In general, the cloud scale-out model, employs a sense of reckless abandon. If your app has performance issues, no problem spin up 100 servers. Still not fast enough. Try 1000 servers. This has a cost. This does not replace a cloud scale-out model per se. It just makes a cloud scale-out model more cost effective. Do more with less.

This is not to say that there are not advantages to the cloud scale-out model. This is to say that an ability to do more with less hardware has cost savings, and you can still scale out as needed in the cloud. This is nothing new per se. Actor systems like Akka, have been around for a while. Akka is a key ingredient to many high-speed microservices. 

The beauty of high-speed microservices is it gets back to OOP roots where data and logic live together in a cohesive understandable representation of the problem domain, and away from separation of data and logic. Since data lives with the service logic that operates on it. Also, less time is spent dealing with cache coherency issues as the services own or lease the data (own for a period of time). The code tends to be smaller to do the same things.

You can expect to write less code. You can expect the code you write to run faster.  To a true developer and software engineer, this is a boon. Algorithm speed matters again. It is not dust on the scale while you wait for a response from the database. This movement frees you to do more in less time and to have code that runs orders of magnitudes faster than typical IO bound cloud lemming services. 

There are many Java frameworks and libraries for microservices that you can use to build a high-speed microservice system.  Vertx, Akka, Kafka, Redis, Netty, Node.js, Go Channels, Twisted, QBit Java Microservice Lib, etc. are all great tools and technology stacks to build these types of services.  This article is not about any particular technology stack or programming language but a more abstract coverage of what it means to build these type of high-speed services devoid of language or technology stack preference.

The model described in this article is the inverse of how many applications are built. It is not uncommon to need 3 to 20 servers for a service where in a traditional system you might need 100s or even 1,000s. Your EC2 bill could be cut into 1/10th the cost for example. This is not just supposition but an actual observation.

In this model, you typically add extra services to enable failover support not to scale out per se. You will reduce the number of servers needed and your code base will be more coherent if you adopt these strategies.

You may have heard, keep your services stateless. We are recommending the opposite. Make your services own their operational data.
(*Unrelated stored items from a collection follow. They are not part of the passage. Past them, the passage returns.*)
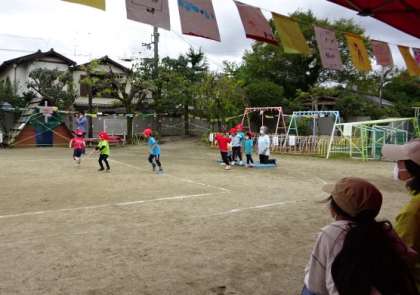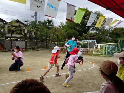 秋らしい良い天気の下、上賀茂幼稚園の運動会が園庭で行われました。たくさんの人たちに見守られて、園児たちはにこにこ笑顔で運動会に取り組んでいました。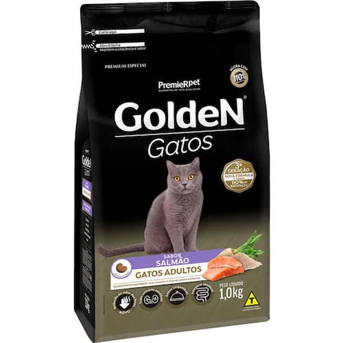 Racao Golden Gatos Adultos Salmao . 1kg. Sabor inigualavel: maxima satisfacao para o paladar;. Trato urinario saudavel: minerais balanceados e controle do pH urinario;. Intestino saudavel: combinacao de ingredientes de alta digestibilidade e prebioticos;. Reducao do odor das fezes: selecao de ingredientes especiais que auxiliam na reducao do odor das fezes.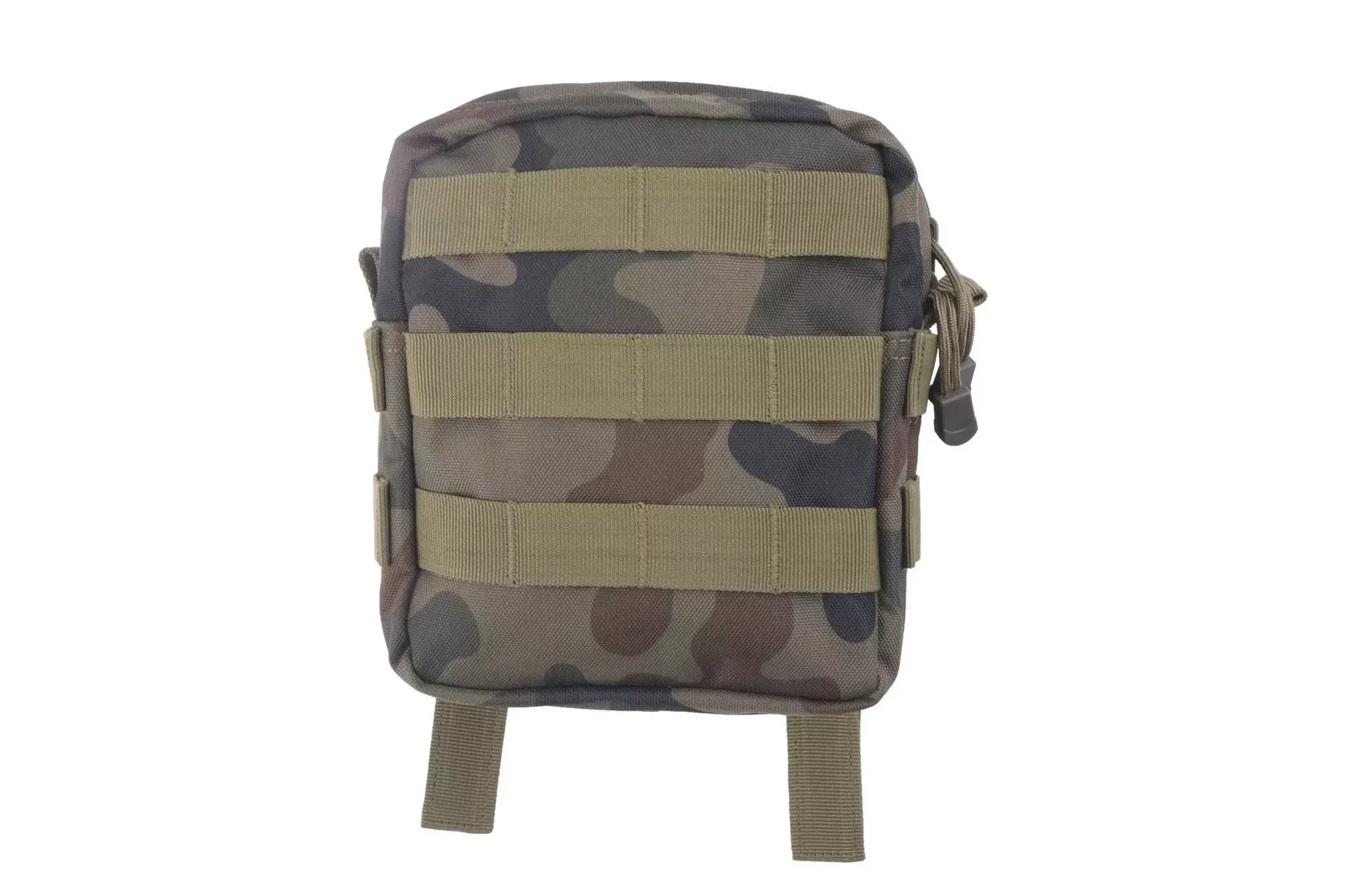 Zaopatrzona w montaż na taśmy molle kieszeń została podgumowana z wewnątrz co przekłada się na utrzymanie wysokiej granicy wodoodporności. Cała przednia ściana kieszeni została pokryta taśmami systemu modułowego MOLLE, co pozwala na zamocowanie dodatkowego wyposażenia.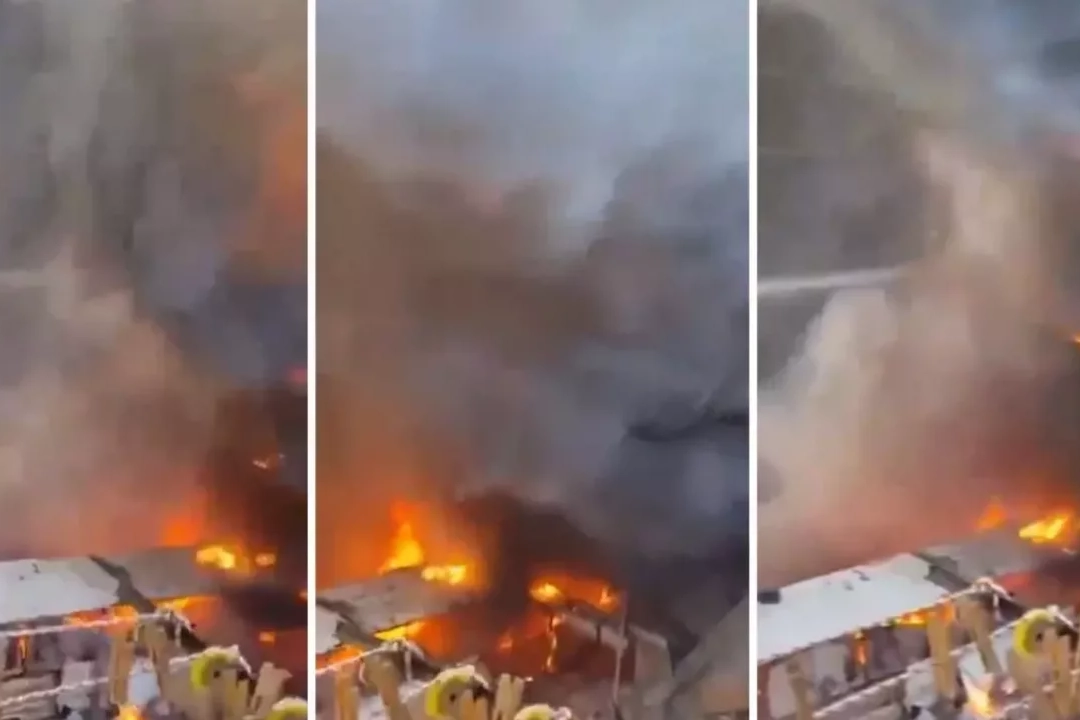 Füzenin düşmesinin ardından terminali alevler sardı. Bölgeden yükselen yoğun duman gökyüzünü kaplarken, çevrede patlamalar meydana geldiği bildirildi. Füze saldırıları sırasında farklı noktalarda da yangınlar çıktığı aktarıldı.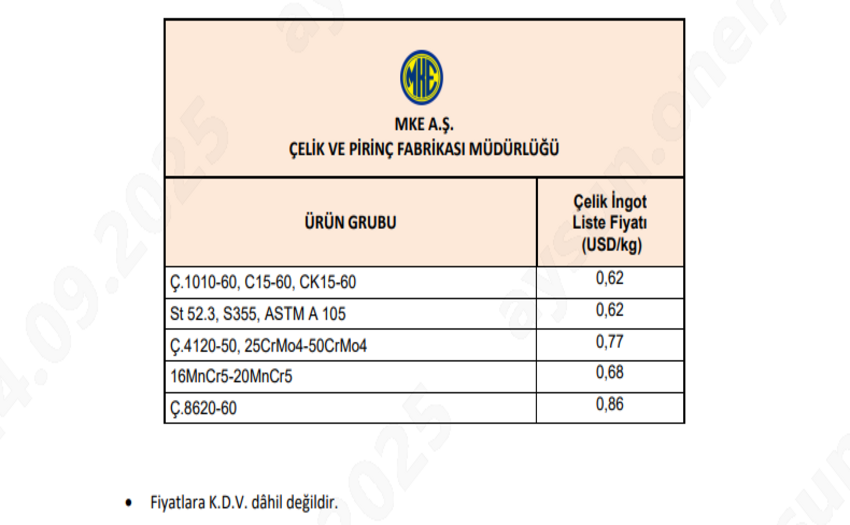 İNGOT FİYAT LİSTESİ

Attributes of High-speed services

High-speed services have the following attributes:
  • High-speed services are in-memory services
  • High-speed services do not block
  • High-speed services own their data
  • Scale out involves sharding services
  • Reliability is achieved by replicating service stores

An in-memory service is a service that runs in-memory. An in-memory service is non-blocking. An in-memory service can load its data from a central data store. In-memory services can load data it owns asynchronously and does not block. It continues to service other requests while the data is loading. It streams in data from its service store whenever leased data is not found, i.e., it faults the data into the services in streams. 

At first blush, it appears that an in-memory service can achieve its in-memory from using a cache. This is not the case. An in-memory service can use caches but and in-memory service owns its core data. Cached data is only from other services that own their data.

Single writer rule: Only one service at any point in time can edit service particular set of service data

In-memory services either own their data or own their data for a period of time. Owning the data for a period of time is a lease model.

Think of it this way. Data can only be written to by one service at any given point in time. Cache inconsistencies and cache control logic is the root of all evil. The best way to keep data in sync with caches is to never use caches or use them sparingly. It is better to use a service store that can keep up with your application vending the data as needed in a lease model. Or to create longer leases on service data to improve speed. More on leasing and service stores is described later. A key ingredient is some sort of persistent message queue or better yet a distributed transaction log to sit in front of calls of an in-memory service like Kafka (Kafka Microservices). 

Avoid the following:
  • Caching (use sparingly)
  • Blocking
  • Transactions
  • Databases for operational data

Embrace the following:

  • In-memory service data and data faulting
  • Sharding
  • Async callbacks
  • Replication / Batching / Remediations
  • Service Stores for operational data

Data faulting and data leasing seem a lot like caching. The key difference is ownership of data and the single writer principle.

Imagine a mobile app with a set of services that contains user data. The first call to any service checks to see if that users data is already loaded in the service. If the user data is not loaded into the service than the call from the mobile app is put into a queue and the call waits for the user data to get loaded asynchronously. The service continues to handle other calls and the service gets notified when the user data loads, and executes the call on the user data load event then. Since we can get many calls to load user data in a given second, we do not load each user one at a time but we load 100 user at a time or 1000 users at a time or we batch load all requests every 50ms (or both) of all user requests in that time. Loading the user data when it needed is called data faulting. Loading 1000 users at a time or all users in the last 50ms or all users since the last user load is called batching request. Batching requests is combining many requests into a single message to optimize IO throughput. Data faulting is the same way your OS loads disk segments into memory pages for virtual memory.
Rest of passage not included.